# Challenging questions for PE Power



## Raj_NYU (Sep 15, 2015)

Guys Could you please share some of the challenging questions you came across for Power PE exam. It will be very helpful to each one of us.

I have one in attachment below. I have been struggling to understand this but cant get the explanation.

0100_001.pdf


----------



## KatyLied P.E. (Sep 15, 2015)

Just for clarification, are you refererring to questions that are in the various review materials or questions that test takers actually saw on the exam? The second scenario is not permissable. Just wanting to make sure I understand the question.


----------



## knight1fox3 (Sep 15, 2015)

KatyLied P.E. said:


> Just for clarification, are you refererring to questions that are in the various review materials or questions that test takers actually saw on the exam? The second scenario is not permissable. Just wanting to make sure I understand the question.


+100

Not only is it not permissible, it would also violate the NCEES user agreement that each of us acknowledges prior to taking said exam. But let's get some clarification here first before jumping to any conclusions.


----------



## KatyLied P.E. (Sep 15, 2015)

knight1fox3 said:


> KatyLied P.E. said:
> 
> 
> > Just for clarification, are you refererring to questions that are in the various review materials or questions that test takers actually saw on the exam? The second scenario is not permissable. Just wanting to make sure I understand the question.
> ...


Agreed!!


----------



## trainrider (Sep 15, 2015)

If the PE questions were not challenging, then this forum would not exist.


----------



## cupojoe PE PMP (Sep 15, 2015)

trainrider said:


> If the PE questions were not challenging, then this forum would not exist.

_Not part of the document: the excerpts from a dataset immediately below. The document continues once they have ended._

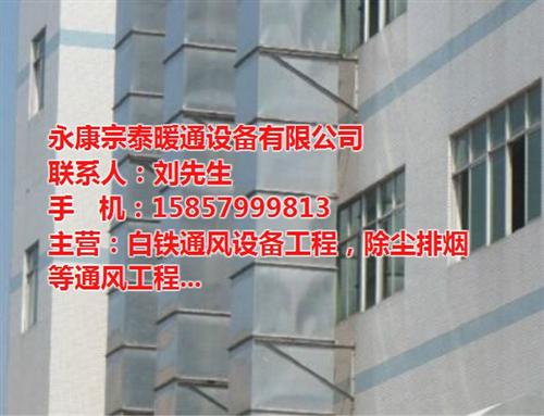 金华永康宗泰通风设备有限公司承接各类白铁通风工程,除尘排烟工程,暖通设备工程,厨房排油烟工程,厂房通风降温工程,白铁片加工,厨房酒店消防排烟工程等,主要服务区域在金华,永康,东阳,丽水,义务,台州,芜湖等周边城市。
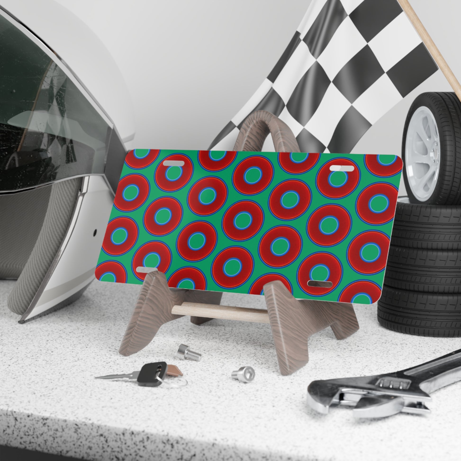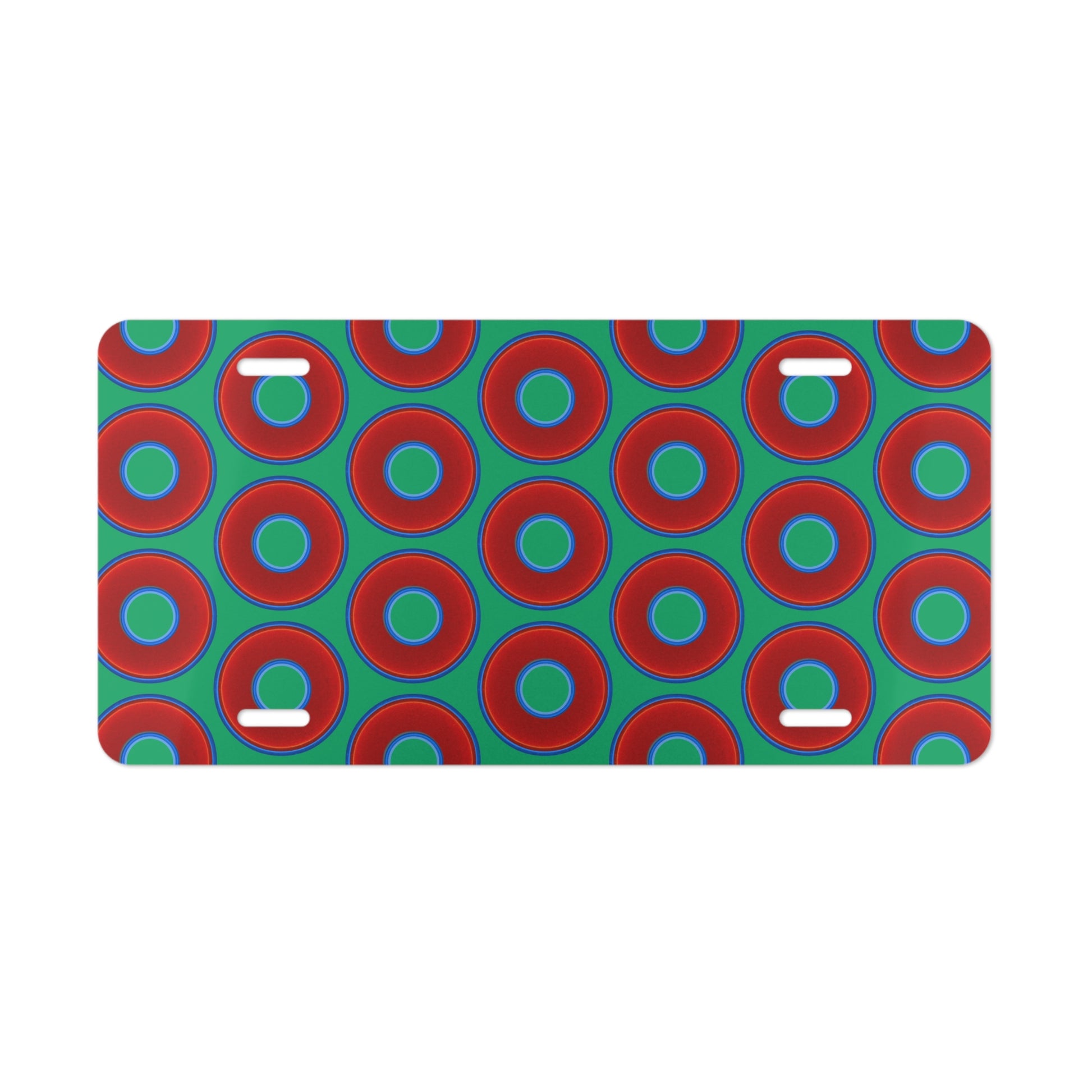 Lumpy Donut Vanity Plate - red vivid donut print w/jade green background
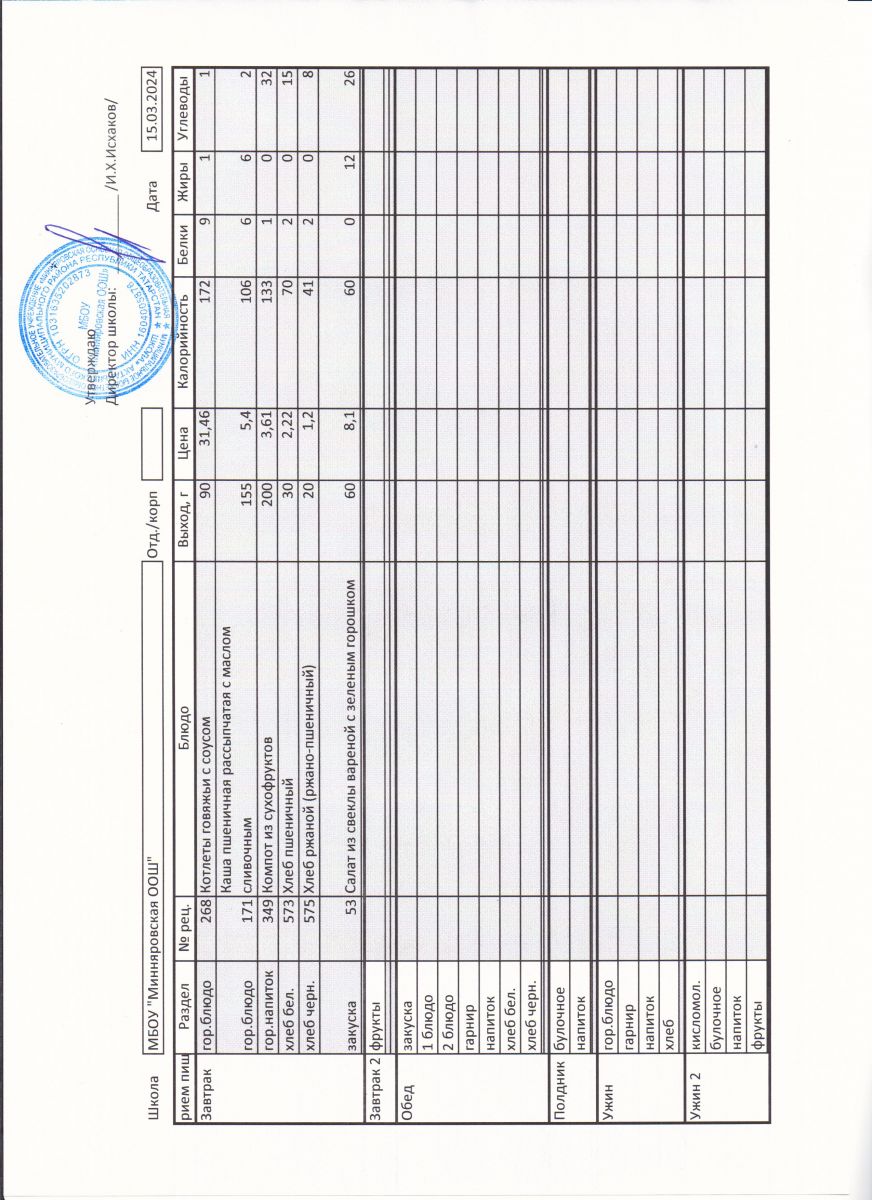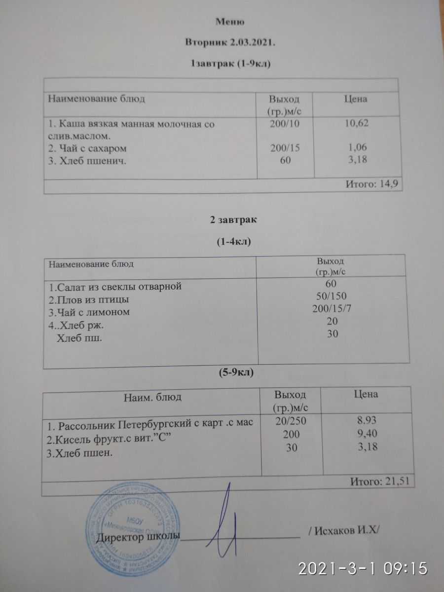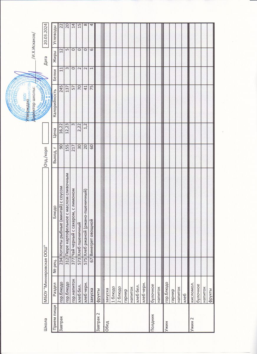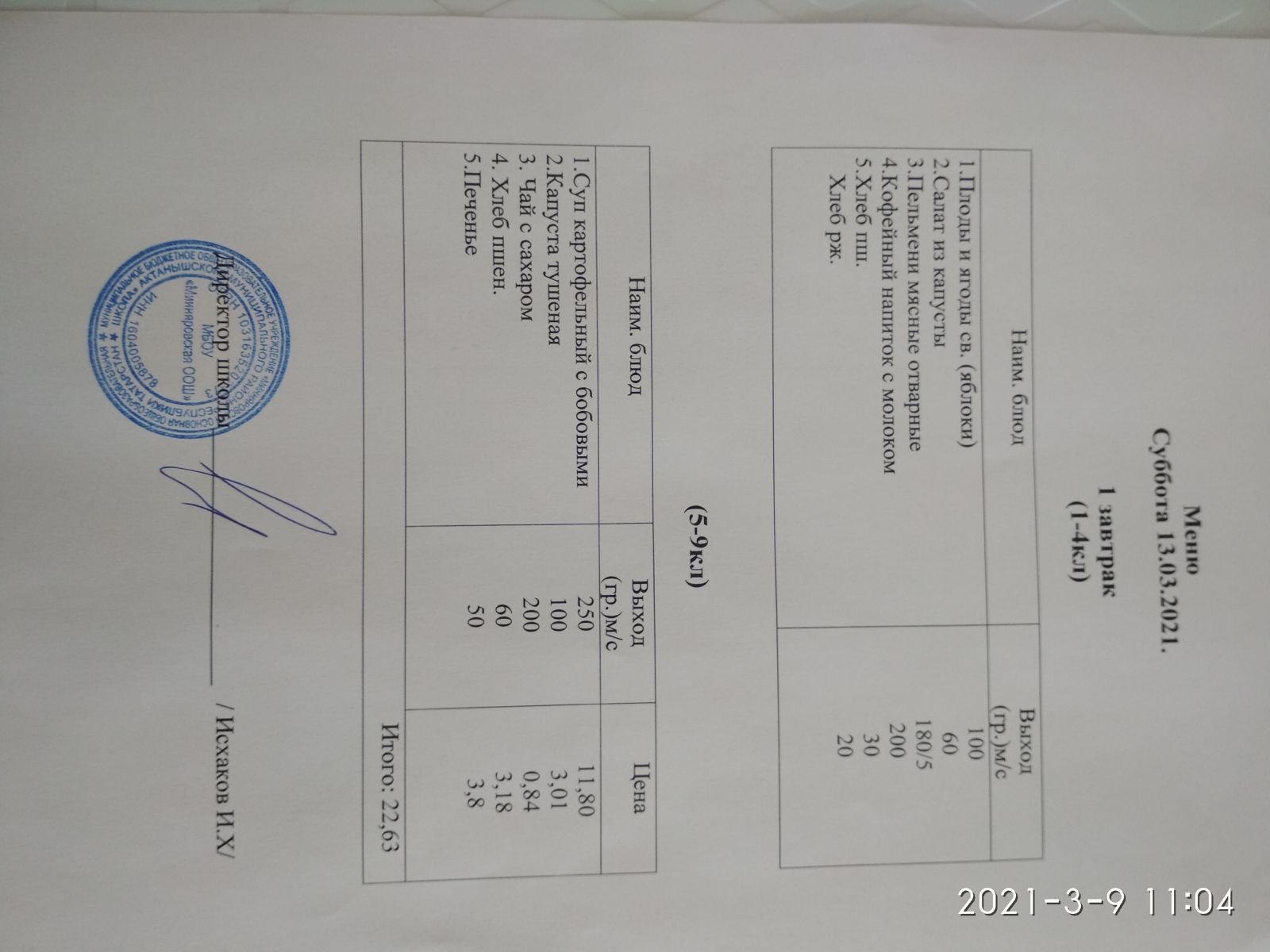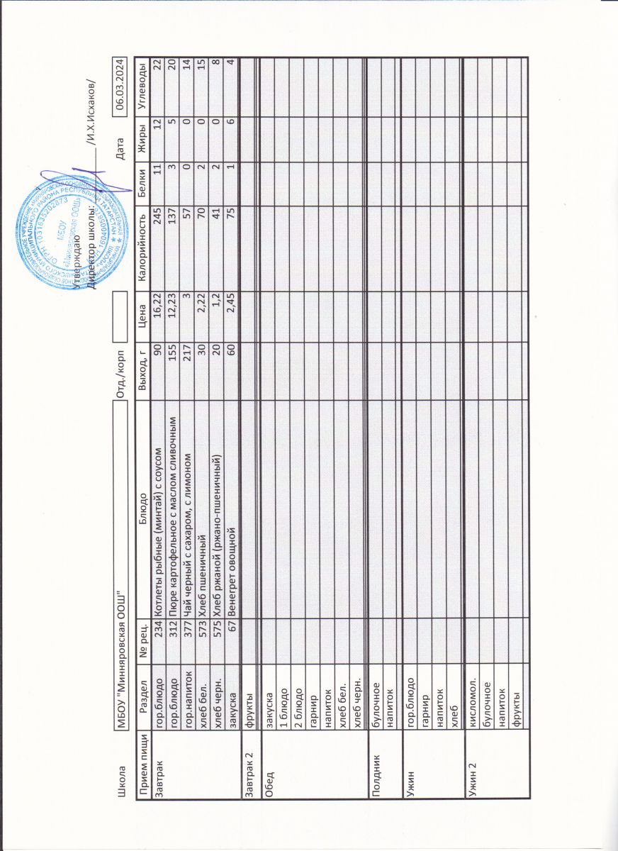 Меню МБОУ "Минняровская ООШ" на 09.03.2021, на 10.03.2023, на 11.03.2021, на 12.03.2021, на 13.03.2021 г.

Or the PE exam would not exist.


----------



## Kovz (Sep 17, 2015)

Raj_NYU said:


> Guys Could you please share some of the challenging questions you came across for Power PE exam. It will be very helpful to each one of us.
> 
> I have one in attachment below. I have been struggling to understand this but cant get the explanation.




Make sure you understand the difference between motors and generators. For your application, make sure to treat it as a generator.

Here is a helpful topic. I had the same problem back when I was studying for the exam.

http://engineerboards.com/index.php?showtopic=24868#entry7261320


----------



## Raj_NYU (Sep 21, 2015)

The above Question is from a Text book "Electric Machinery" by A.E. Fitzgerald. page 273, sixth edition.

Also can I post sample question from NCEES exam I have some trouble understanding explanation of 2 or 3 question? It is permissible?

Thanks for the help guys. Much appreciated.


----------



## knight1fox3 (Sep 21, 2015)

In case you didn't see this: http://engineerboards.com/index.php?showtopic=4398#entry7295954


----------



## KatyLied P.E. (Sep 21, 2015)

You've saved me once again Mr. Fox. Meant to post on this page. Operator error. Thank you sir.


----------